Дорога бежала меж густых лесов на холмах к морю и внизу на равнине походила на аллею, обрамленную ивами, чья листва уже начинала золотиться, и высокими тополями. Эвмон, продолжавший то и дело прикладываться к бурдюку, предложил провести ночь на постоялом дворе неподалеку от порта — там наверняка найдутся добрый рисовый суп, жареный цыпленок и чистое белье. Хозяин постоялого двора знал Эвмона и встретил его как родного: он закричал, чтобы готовили ужин, показал каждому его постель и приказал колчерукому слуге принести воды помыться гостям. Пока варился суп, Эвмон взял Эгиста под руку и попросил его сесть с ним чуть-чуть поодаль от остальных. Цари устроились под смоковницей у дверей конюшни.
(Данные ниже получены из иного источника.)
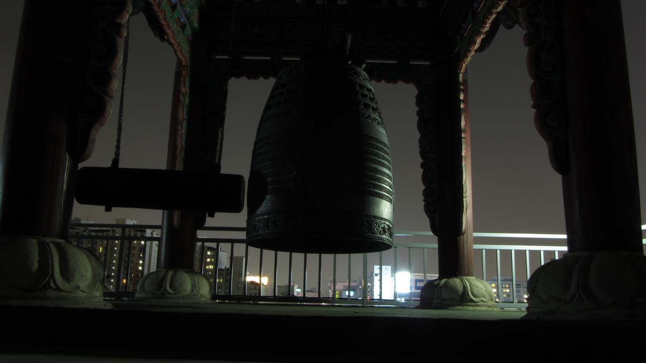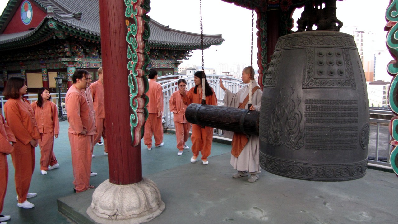 Zum Abschluss des Tages gab es leckeres Essen – bei dem nicht gesprochen werden darf – und bevor wir schlafen gegangen sind, wurde die große Glocke geschlagen. Dabei hatten wir einen schönen Blick auf die Stadt. Die Betten waren, sehr typisch für Korea, dünne Matratzen auf einem beheiztem Fußboden. Ein Schlafsaal für die Männer und eine für die Frauen.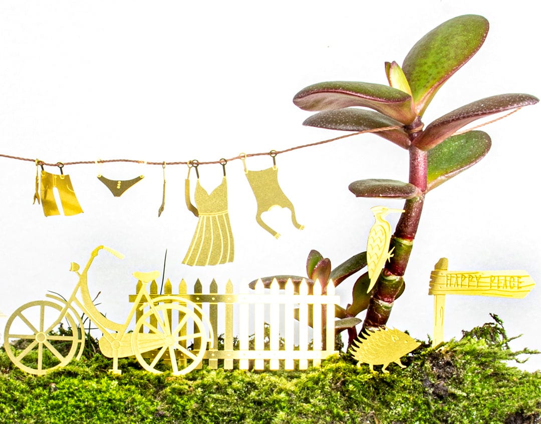- set bestående av en cykel, en bänk, en gatlykta, en tvättlina, en skylt, fyra blad, tre djur

— Возлюбленный Эгист, — произнес Эвмон, дружески хлопая по спине своего коллегу, — с тех пор, как я приехал в твой дворец и ты поведал мне о своей трагедии, меня не покидают сомнения, не участвуешь ли ты с доньей Клитемнестрой в комедии ошибок. Когда же всплыла история с бородой Агамемнона, я окончательно утвердился в моих подозрениях. Возлюбленный Эгист, ты уверен, что убитый был Агамемноном?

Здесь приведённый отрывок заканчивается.